Welcome back!
Another week, another Toki Talks! This past weekend, I did a lot of reflection on how I have been managing my time, and to say the least I didn’t like what I saw in myself.
Commitment to content creation + programming
I realized this past weekend that on average, I was only really taking 20 hours per work-week (Monday → Friday) to study programming. This doesn’t really add up considering that I don’t have a job and spend all day at time. On top of that. My steam records say that I spend approximately 30 hours a week gaming. Therefore, I am spending more time gaming than programming. Why am I spending more time gaming, something that isn’t going to bring more value into my life, instead of practicing and perfecting things that will add value?
I have family visiting for some time next week, so I won’t be available to do our normally scheduled programming (sorry), but afterwards I do plan on streaming Monday → Saturday so I can get my studying hours up! This also does mean that I have to be more rigorous with how I both plan and edit videos for the week :p That’s a net positive for you guys though!
Not chasing creative endeavours
I haven’t been writing or thinking of ideas to make videos on. I haven’t been reading for the past 3-4 months. I haven’t been making music. I’ve either been programming, or spending a copious amount of time aim-training. I’ve been living on autopilot if I’m being honest, filling the time that I spend resting in my day with mindless consumption of content.
I have creative goals that I want to accomplish by the time I turn 25.
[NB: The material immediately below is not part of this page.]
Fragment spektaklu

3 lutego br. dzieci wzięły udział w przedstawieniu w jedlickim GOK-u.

- Release a fully original EP
- Have a fiction book released
- Have a compilation of short stories/essays published
I also have goals that aren’t strictly creative
- Have consistent passive income through YouTube/online endeavours
- Be able to make money through computer programming
- Pass the JLPT N3 test
Possible.
I don’t think that these goals are super lofty/out-there for me. I think they are very doable given the time constraints. It’s just that I have been clouding my brain with slop and coping through consuming more slop, which has in turn made my quality of life lower than I’d want it to be. The problem I have with gaming isn’t the gaming itself. It’s how I am when I game. I get shorter, I am very competitive, and I don’t know when to quit. It’s a proper addiction when I get into the flow of it. I am way less productive right now than I was when I didn’t play CS for 4-6 years. Like, it’s noticeable. I am not being lazy due to depression. I am being lazy because I am latching onto dopamine heavy high APM activities because they make me feel productive.
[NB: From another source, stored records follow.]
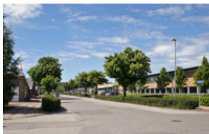
Træerne i hække langs Hjulmagervej er et fint grønt træk i området, der kan inspirere til andre dele af området.

For så vidt angår bebyggelsens udformning skal der sikres et højt arkitektonisk niveau, og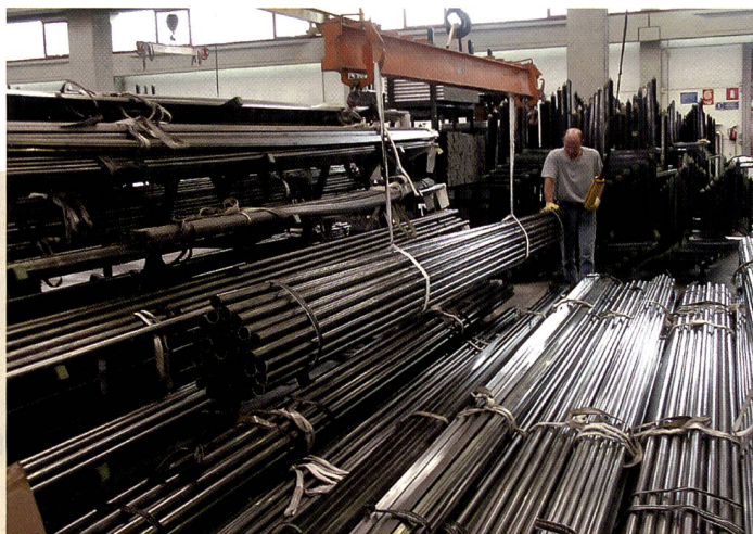
Rohre aller Formen und Durchmesser in einem gigantischen Lager.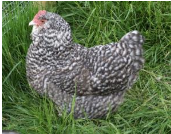
Gallina di taglia media, piumaggio barrato, con barba e favoriti, cresta semplice (razza Faverolles)

I am a very competitive person. It doesn’t matter what the outlet is. I want to get better. If I win, then I win and I will obviously enjoy it. But if I don’t win, I want to learn why I didn’t win, how the other person was doing better, and observe what I was doing wrong. At the end of the day, I am a grinder. Through and through. I don’t think it’s a problem either. I just have to focus that energy elsewhere in my life that will help me long term and bring me more value.